Retweet nature (e.g., news, cartoons) shifts falsity burden to original authors.
Impact:
Supports Chen’s claim of non-fabricated content (Two Highs Article 1).
Conclusion: Bolsters argument against “false” classification.
IV. Practical Application for Retrial
Obtaining Historical Interaction Data:
Direct Access: Family/lawyer logs into @_cenjoy with Chen’s credentials (via prison visit, Prison Law Article 41) to download analytics (e.g., Twitter’s “Tweet Activity”).
Court Evidence: Request forensic data from seized devices (CPL Article 137), likely containing tweet logs.
Archives: Use Wayback Machine or followers’ screenshots for partial records.
Feasibility: High via devices; moderate via account; low via archives.
Verification:
Method: Notarize screenshots (e.g., “Tweet X: 2 retweets, 30 views”) or certify via IT expert.
Requirement: Meets CPL Article 50’s reliability standard.
Presentation:
Petition: Include data table (e.g., above) and analysis: “Total retweets <70 vs. 500 threshold.”

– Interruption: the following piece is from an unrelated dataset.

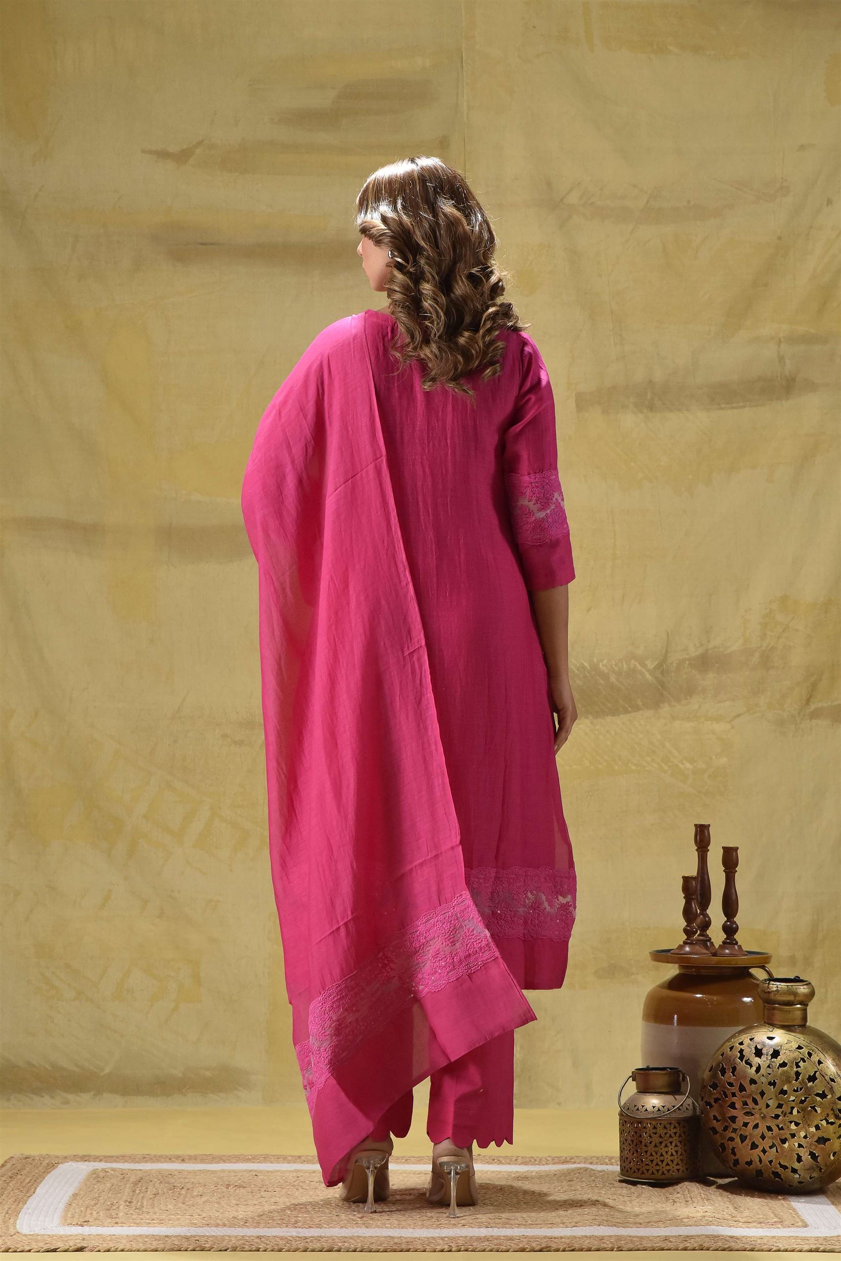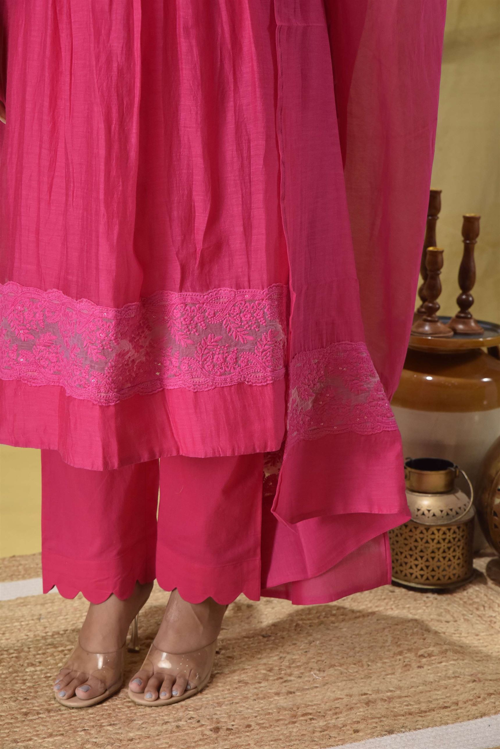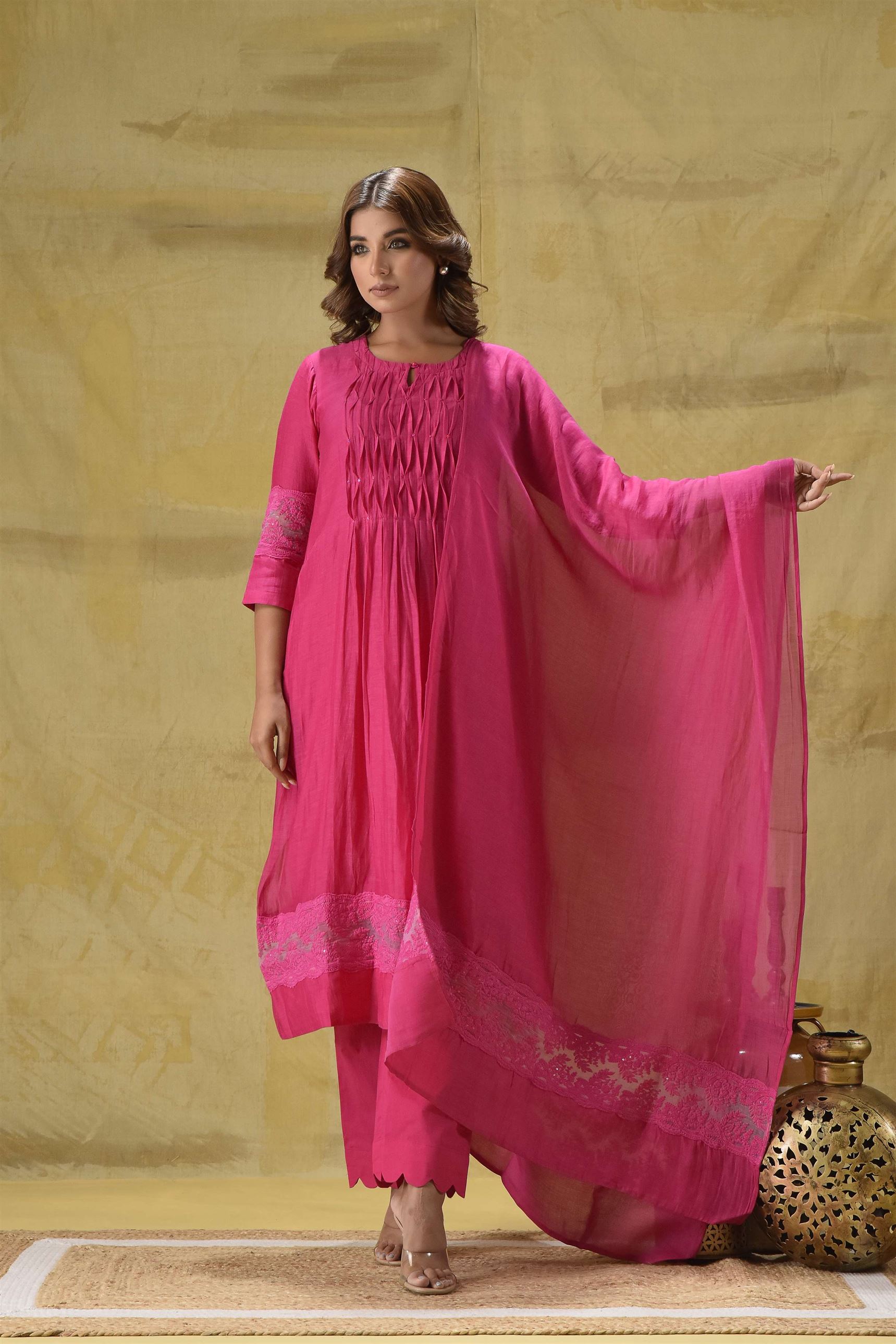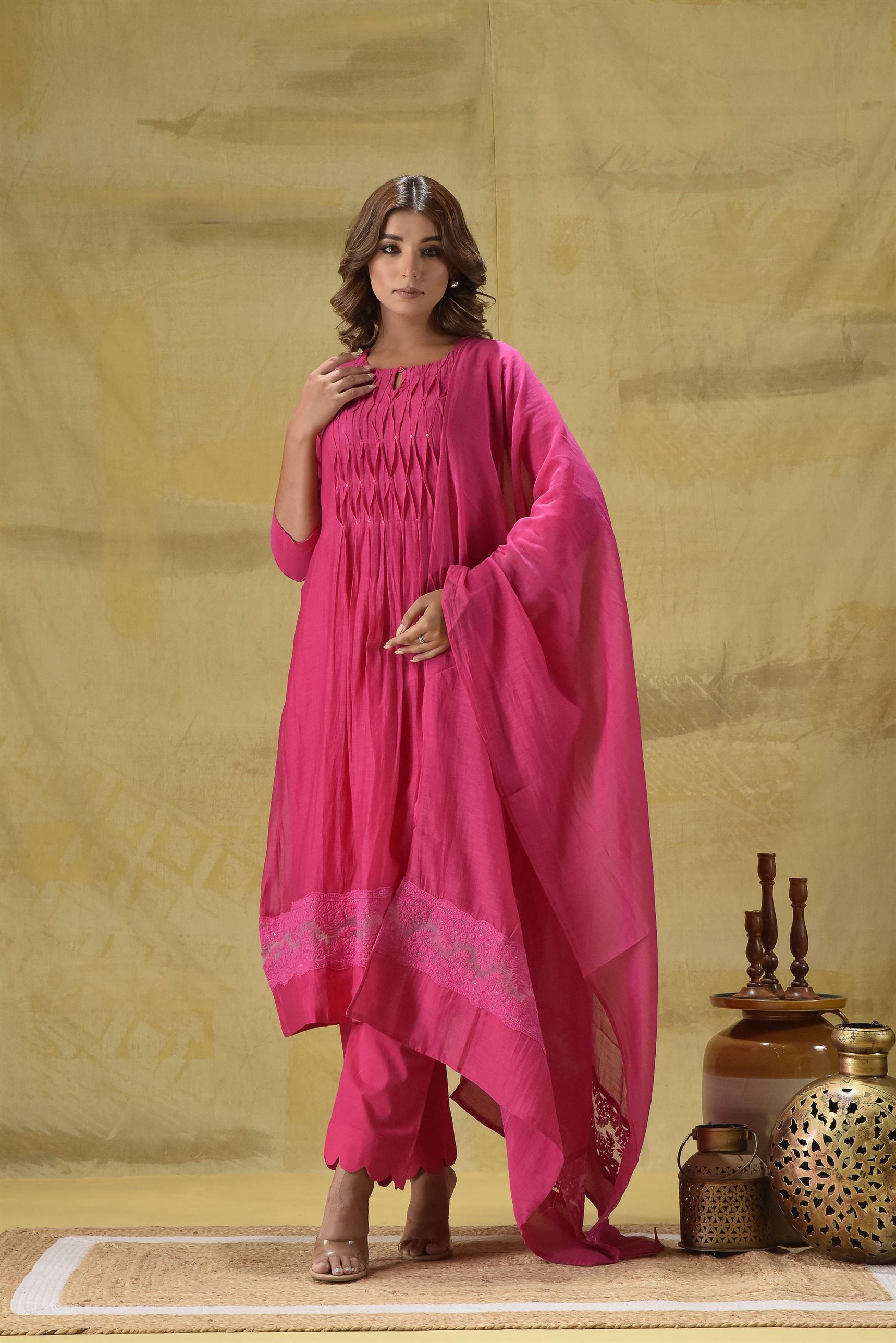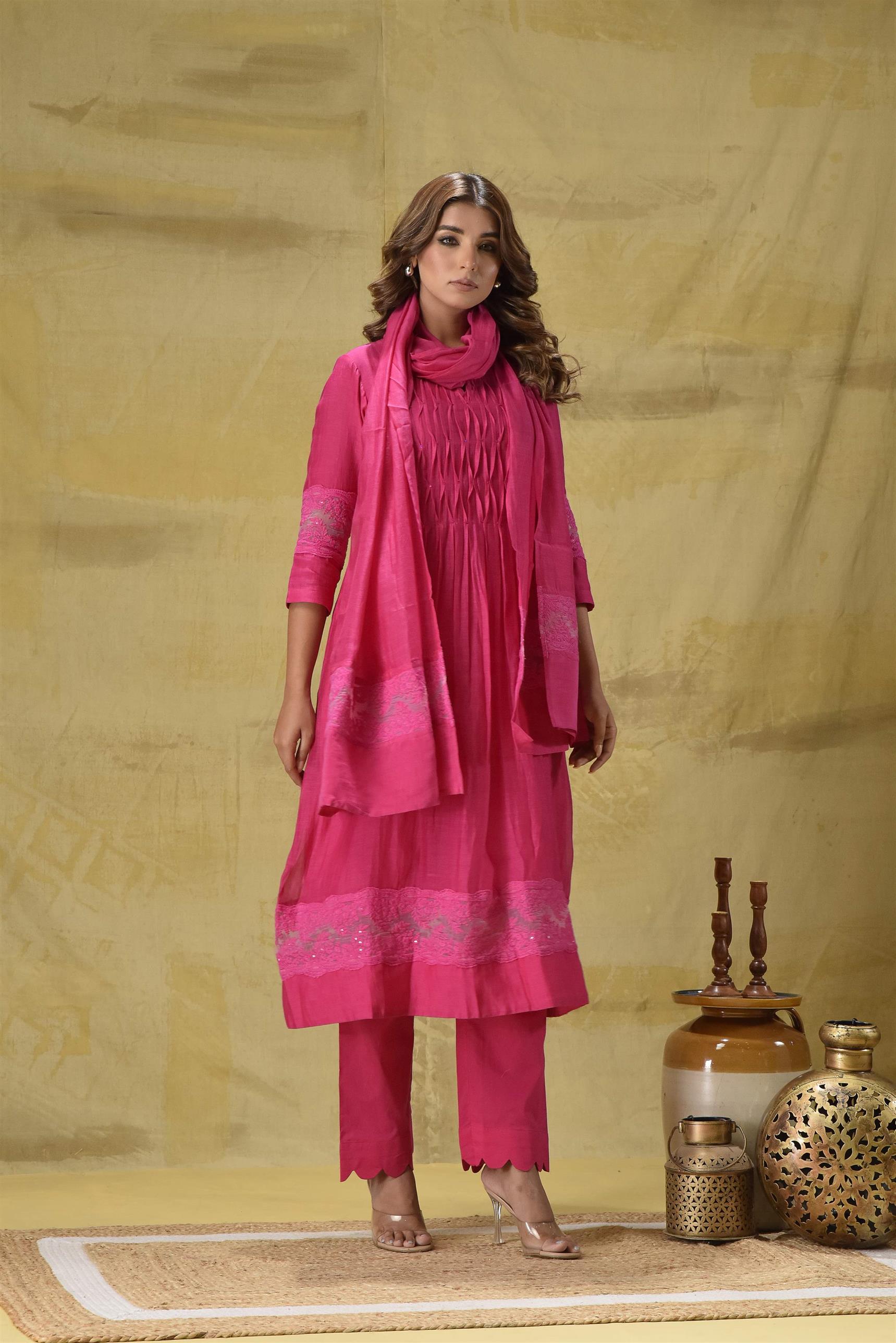When you want something simple yet classy, this piece is for you. Minimal plete detailing and chifley embroidery on the hem of the kurta and the dupatta with cotton pants. All in a bright hot pink colour.

Court: File with Yunnan High Court, citing Two Highs and CPL Article 242(1).
Challenges:
Data Gaps: Pre-2022 tweets may be deleted; estimate from trends or court data.

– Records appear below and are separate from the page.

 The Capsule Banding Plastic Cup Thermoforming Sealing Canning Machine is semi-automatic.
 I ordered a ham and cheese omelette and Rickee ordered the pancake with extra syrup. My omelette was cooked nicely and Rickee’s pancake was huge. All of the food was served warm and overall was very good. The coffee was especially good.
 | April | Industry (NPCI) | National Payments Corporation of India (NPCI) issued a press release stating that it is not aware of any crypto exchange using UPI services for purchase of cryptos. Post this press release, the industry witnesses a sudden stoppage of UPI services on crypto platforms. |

Judicial Bias: Political sensitivity may downplay metrics; emphasize neutral numbers.
V. Conclusion
Twitter interaction data from @_cenjoy reveals:
Low Engagement: ~50–70 retweets, ~50–100 likes, ~500–2,000 views total (2019–2022), far below “serious disruption” thresholds.
Minimal Impact: <100 followers and sparse replies show no significant public order effect.
Intent Support: Casual, low-scale activity contradicts “knowing” disruption.
As new evidence, this data meets CPL Article 242(1) by disproving the original judgment’s factual claims of “serious confusion.” Obtainable via account access or court records, it could justify retrial and potentially lead to acquittal, exposing the conviction’s evidentiary weakness. Family or lawyer action is critical to secure and present it effectively.